| YOUR OBJECTIVE |
Set down the whole listing below exactly. The pictures stay out.

| DATA PROVIDED |
---
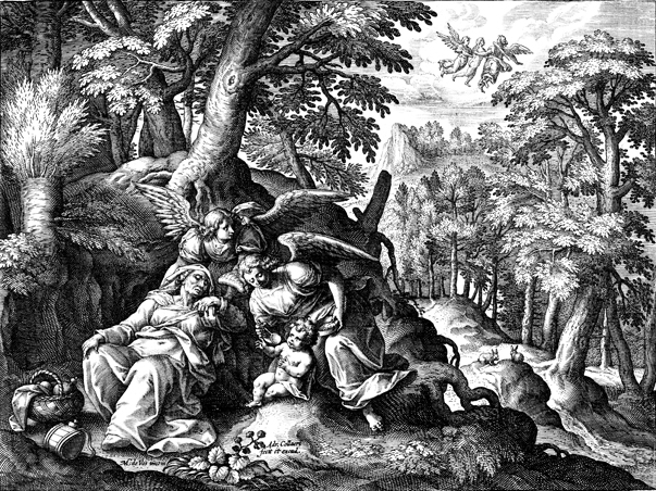Description: This image comes from “Solitudo sive vitae Foeminarum Anachoritarum,” by Adriaen and Joan Collaert and Cornelius Galle, bound with “Solitudo, sive, Vitae patrum eremicolarum”. Angels minister to Saint Elizabeth and feed the infant John the Baptist. The names of the artist responsible for the design, Maarten De Vos, and the engraver, Adriaen Collaert, are at the base.
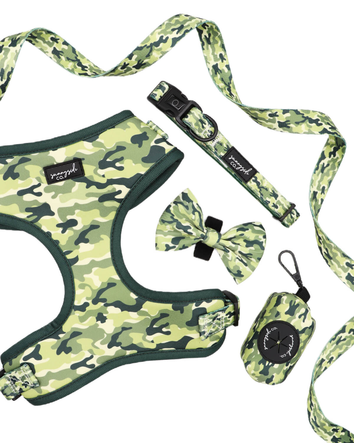 Pair this collar with the matching harness, lead, poop bag holder and bow tie!
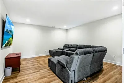 - Cozy media room – Unwind on a plush reclining sectional and enjoy movie nights on the 85-inch screen.
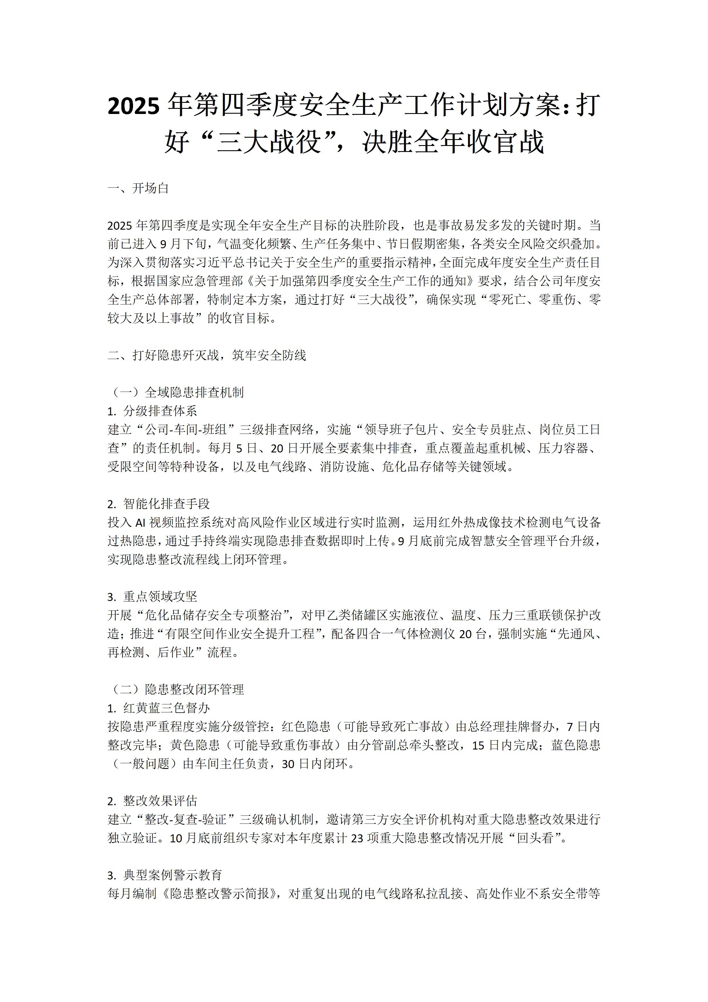 2025年第四季度安全生产工作计划方案:打好“三大战役”,决胜全年收官战
---
| EXPECTED OUTPUT |
Description: This image comes from “Solitudo sive vitae Foeminarum Anachoritarum,” by Adriaen and Joan Collaert and Cornelius Galle, bound with “Solitudo, sive, Vitae patrum eremicolarum”. Angels minister to Saint Elizabeth and feed the infant John the Baptist. The names of the artist responsible for the design, Maarten De Vos, and the engraver, Adriaen Collaert, are at the base.
 Pair this collar with the matching harness, lead, poop bag holder and bow tie!
 - Cozy media room – Unwind on a plush reclining sectional and enjoy movie nights on the 85-inch screen.
 2025年第四季度安全生产工作计划方案:打好“三大战役”,决胜全年收官战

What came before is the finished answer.